Las acusaciones contra el violador, según ha trascendido en medios más o menos serios, son más de cien y se presentarán en un caso conjunto que recopila testimonios que datan de los años noventa. Mujeres, hombres y menores de edad aparecen como víctimas de acoso, uso de drogas, violaciones, grabaciones en video de esos abusos —utilizados luego como herramienta de extorsión— y hasta rumores de asesinatos. Así las cosas, Diddy, reconocido productor musical, asociado a muchas grandes estrellas, sería además un pervertido a todo trapo. Sus bacanales, a las que medio mundo moría por asistir, son ahora reconocidos como espacios del horror. ¿Qué ha cambiado? ¿Acaso en los noventa y dos mil las drogas no eran drogas y los abusos no eran abusos? ¿No será que son necesarios unos cuantos ídolos demócratas o republicanos que muevan muchos votos cayendo en el abismo de la cancelación? Es probable, puesto que es imposible que nadie supiera de hechos de esta naturaleza (secreto a voces, le llaman…).
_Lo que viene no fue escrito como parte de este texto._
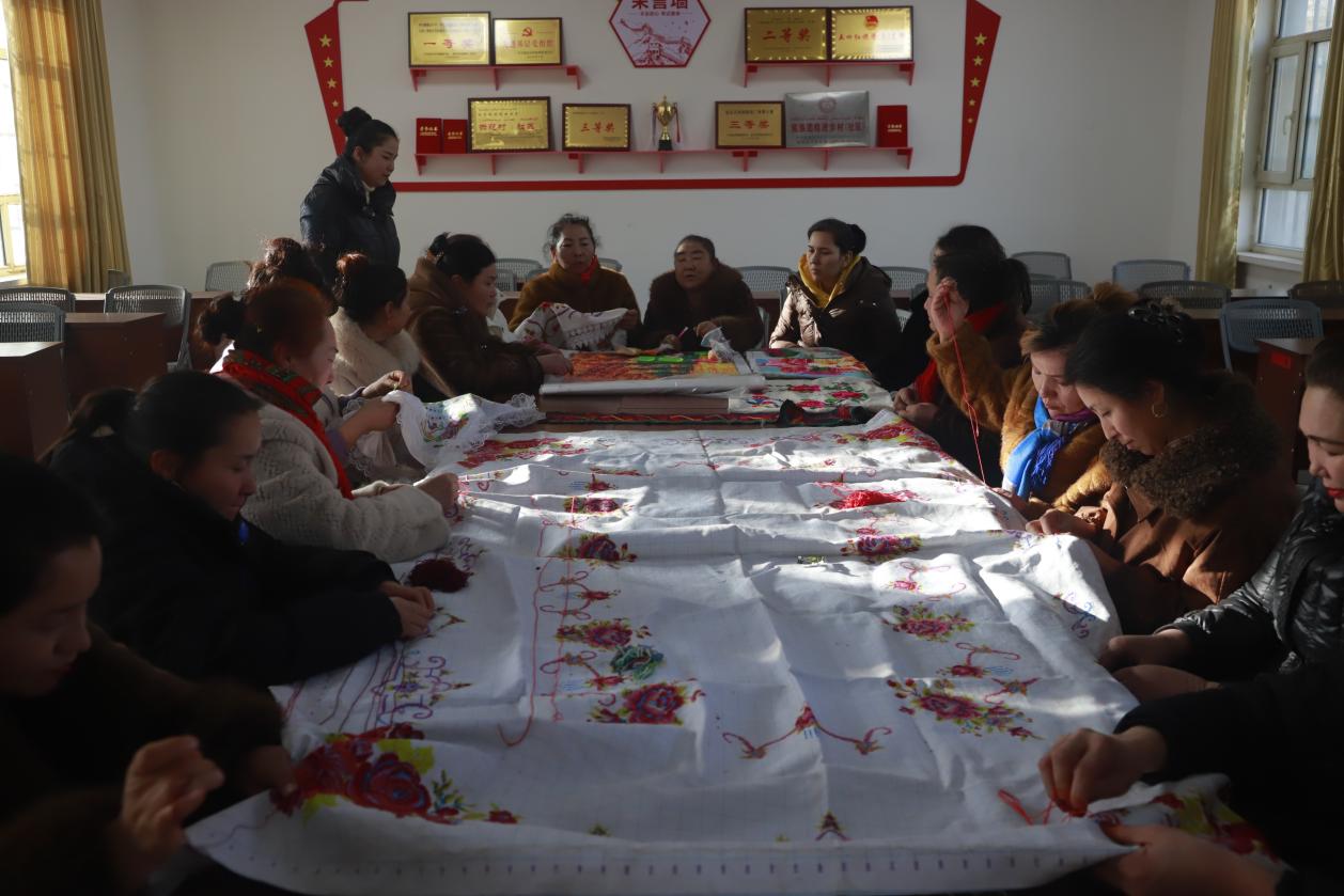 传统手工艺传承人月尔古丽·赛买提老师指导学员们刺绣。(张浩 摄)
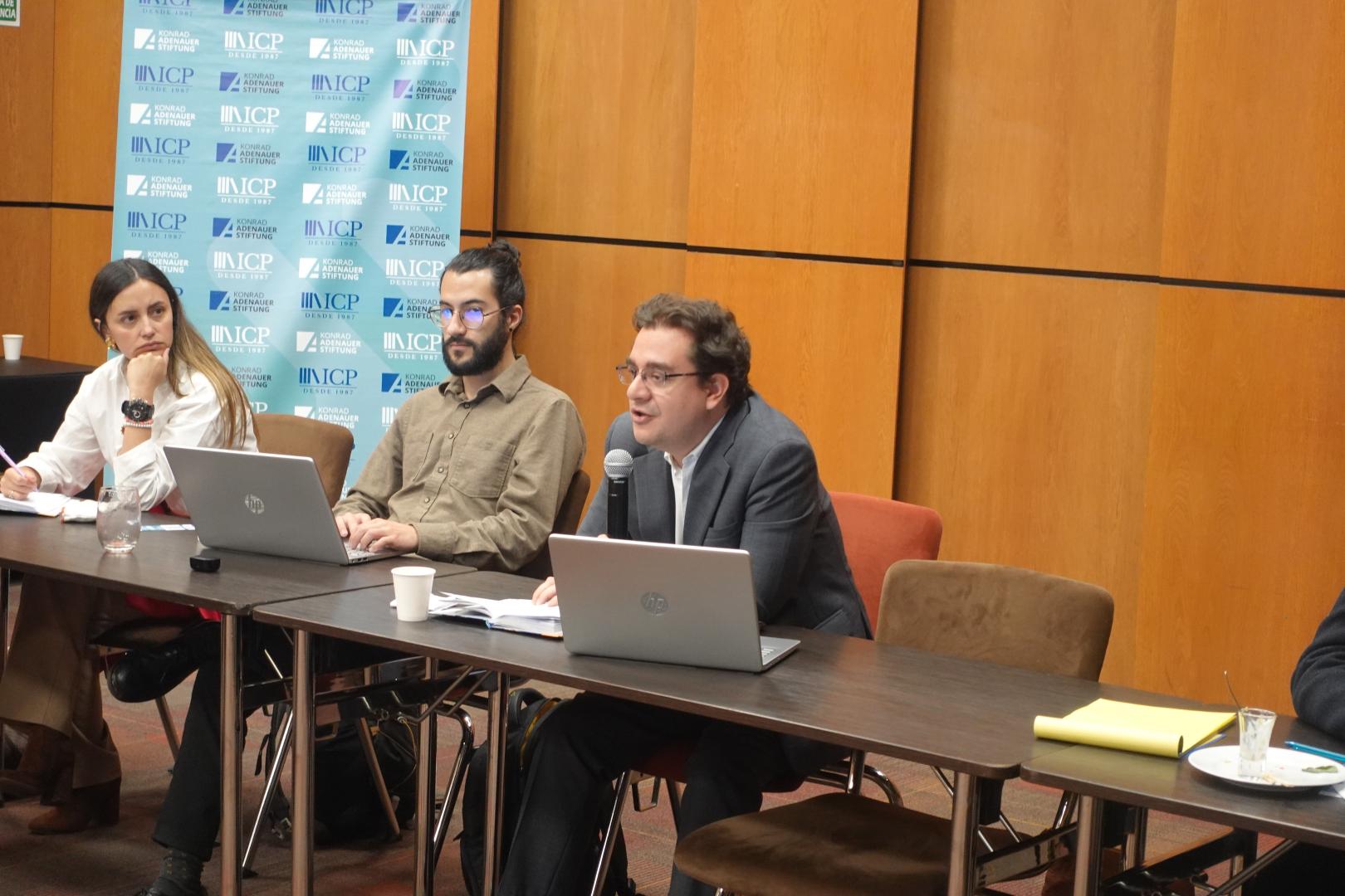 El evento inició con la presentación y bienvenida por parte de Carlos Augusto Chacón, director del ICP, quien agradeció la asistencia de los participantes y mencionó la importancia de generar estos espacios de discusión debido a la coyuntura nacional y con el propósito de producir recomendaciones y observaciones que aporten al debate con argumentos y sustento en datos en un tema tan fundamental como es la economía para la vejez. Seguido a esto, Andrea Valdelamar, Coordinadora de proyectos de la KAS, expulsó el trabajo que la fundación desempeña para el fortalecimiento de la democracia a través de cinco ejes temáticos: el desarrollo sostenible, la construcción de paz, la seguridad y la defensa, la descentralización y el fortalecimiento de las instituciones democráticas. Asimismo, hizo énfasis en la imperante necesidad de generar consensos sobre una reforma pensional, que es necesaria, que sea sostenible económica y socialmente en el tiempo dadas las proyecciones estadísticas del país.
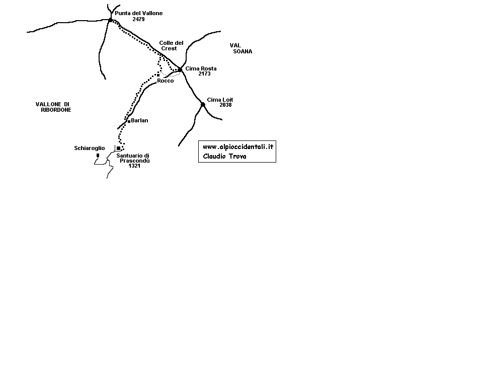 L'escursione parte da una delle località più famose di tutto il Canavese, il santuario seicentesco di Prascondù, dove ogni anno il 27 agosto si festeggia il patrono.
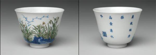 这是青花十二花神杯,这是康熙时期非常著名的一组作品。每一个月都有一个花神(在正面),背面有一首诗歌,背后有一个小印章。杯子上有诗书画印的结合。中国画几个最主要的元素,诗书画印并不可少。这样一件器物很像一个小型展览会或小型画展。大家可以看杯口,上面有青花字。如果现场观看会非常明显,可以看透杯子内壁,因为瓷质很好,特别薄。所以,制作它们的工艺难度很高,因为它要做得非常透。它薄到一个成年男性用力捏就能捏破的程度。欣赏瓷器包含很多部分,我们可以把它当作小型画展来看,也能欣赏它的质地美感,比如,轻、薄、透,釉面的温润等。
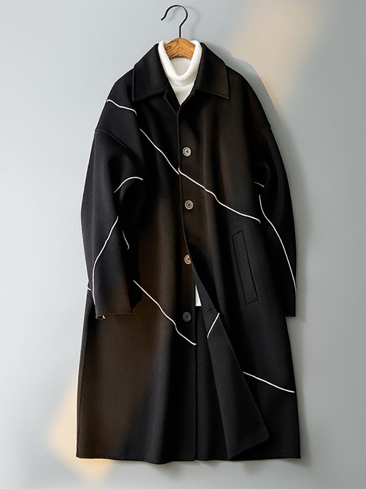 Men's Wool 2025 New Autumn High-End Simple Korean Style Mid-Length Trench Coat Double-Sided Woolen Jacket Trendy
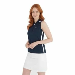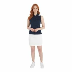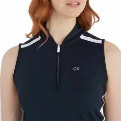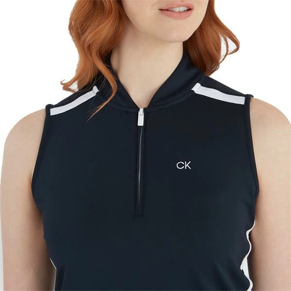 Calvin Klein Golf Ladies Chenang Sleeveless Polo Shirt Navy – White
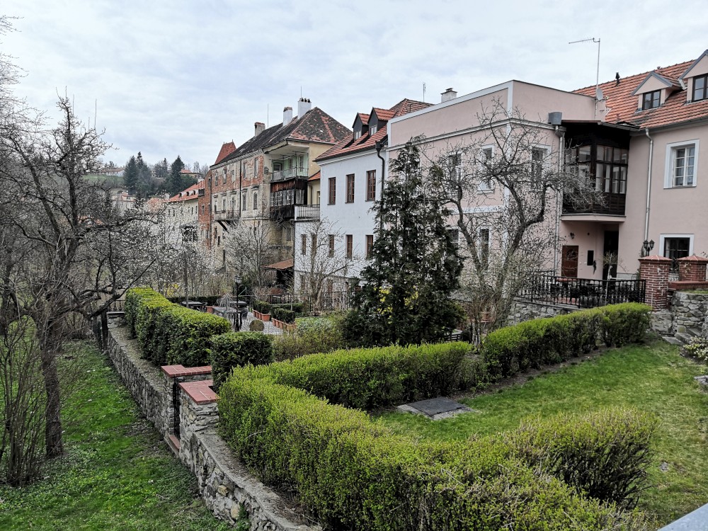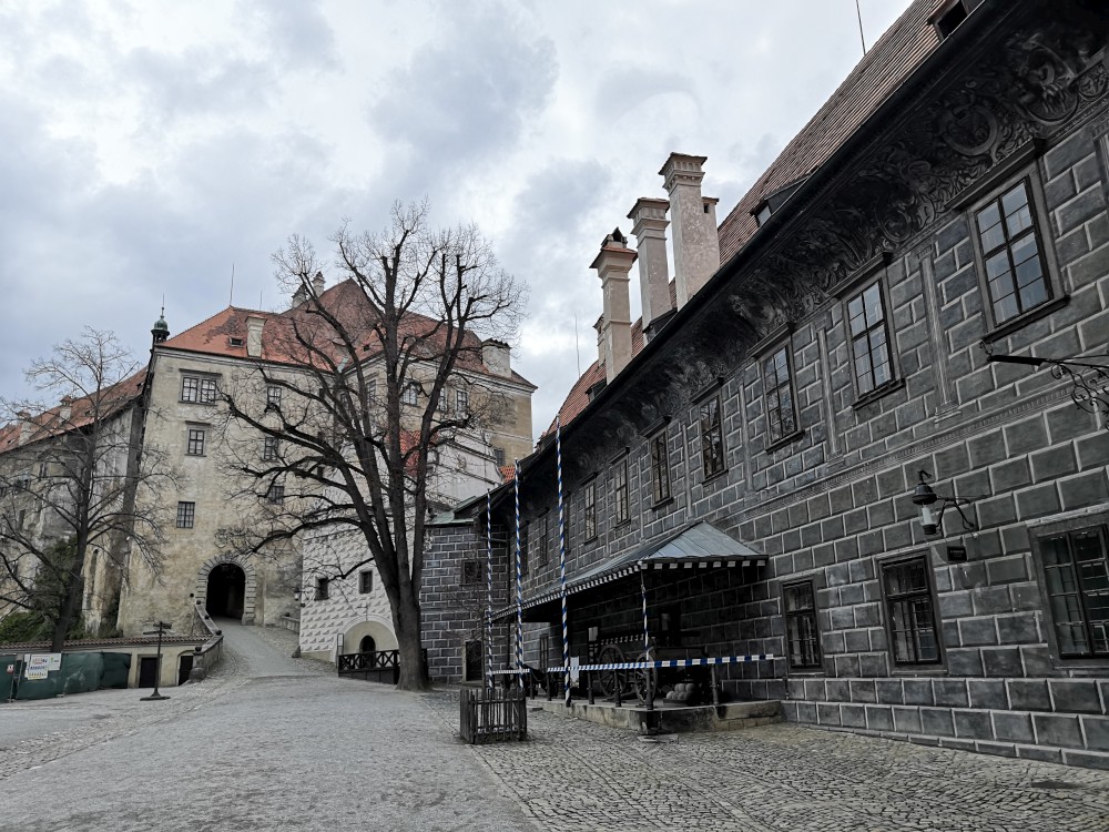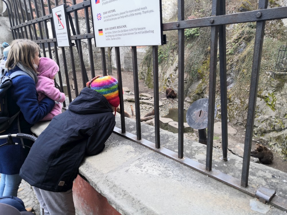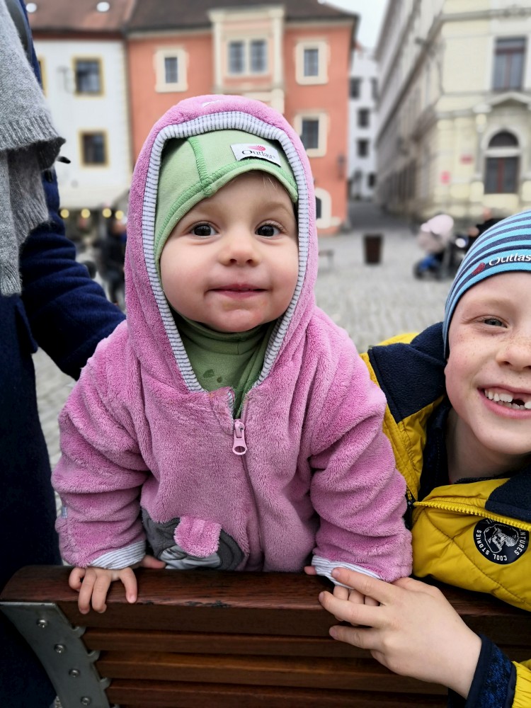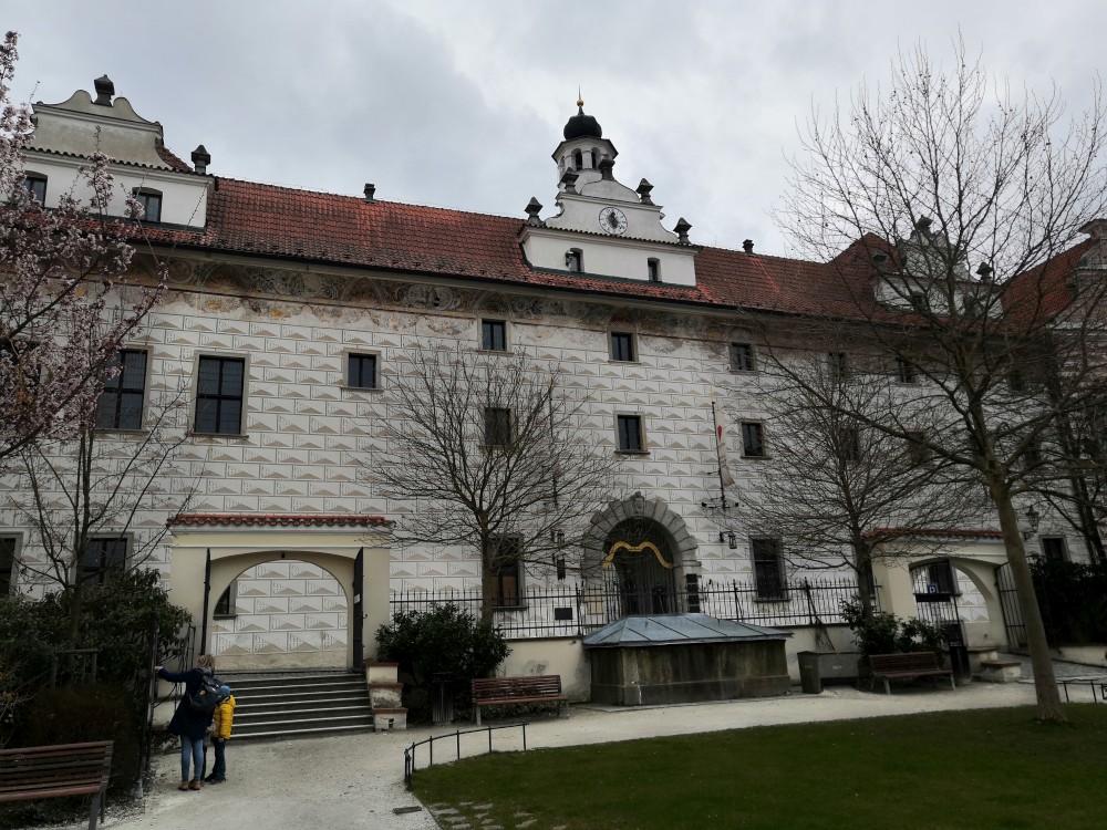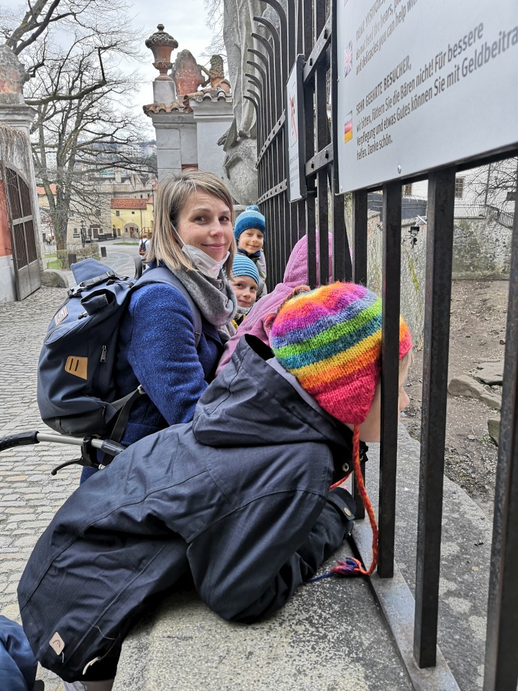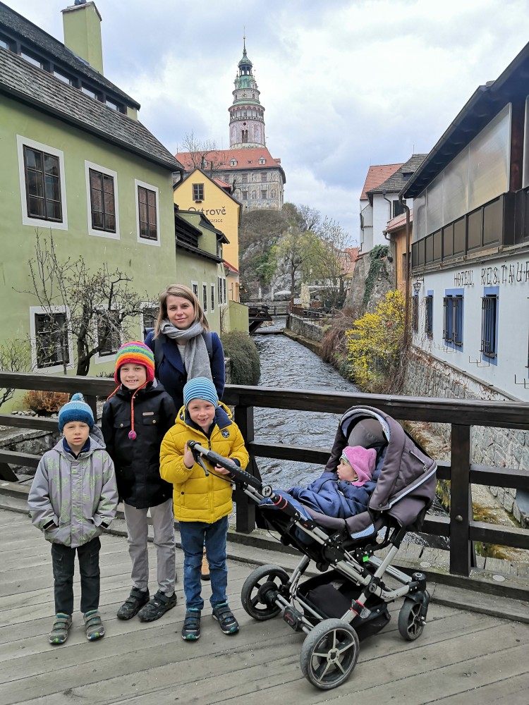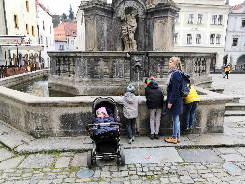 V Horní ulici objednáváme pizzu a jdeme na náměstí Svobody. Tam sedáme na terasu kávu a dortíček, já jdu pro pizzu. Pizzu jíme na lavičkách na náměstí. Pak pokračujeme přes Lazebnický most na druhou stranu Vltavy. Procházíme staré uličky a pak se jdeme podívat na zámek na medvědy. Odtud se Jelení zahradou vracíme k autu.

Uno de los numerosos rumores asociados —aclaramos que son rumores, puesto que la mayoría de videos y «noticias» que circulan sobre el tema son inverificables— es la presencia de Kamala Harris en las fiestas de Diddy. Algunos dirán que se puede ir a una fiesta sin quedarse mucho o sin enterarse de lo que pasa, pero para políticos con acceso a agencias de inteligencia, la excusa queda corta. Como en el caso Epstein, los tipos de «diversiones» de los poderosos son conocidos. Lo saben todos, menos la ciudadanía que se traga, emocionada, el cuento de la sociedad maravillosa en la que con trabajo duro puedes hacer realidad cualquier sueño, a pesar de cualquier obstáculo.
Cuando la sociedad parece despertar un poco frente a la abrumadora realidad, los mismos círculos de poder hacen sacrificios; entregan una cuota, a algún elegido, que será el centro de la indignación pública, al menos por un rato. Hoy es Sean Combs quien se queda sin amigos; la oveja negra del momento, seleccionada por sus pares. Así funciona la máquina. No hay limpiezas verdaderas, solo eliminación de los eslabones más débiles. Lo importante, pareciera, es que la gente se distraiga y no ponga la atención en «lo que no debe».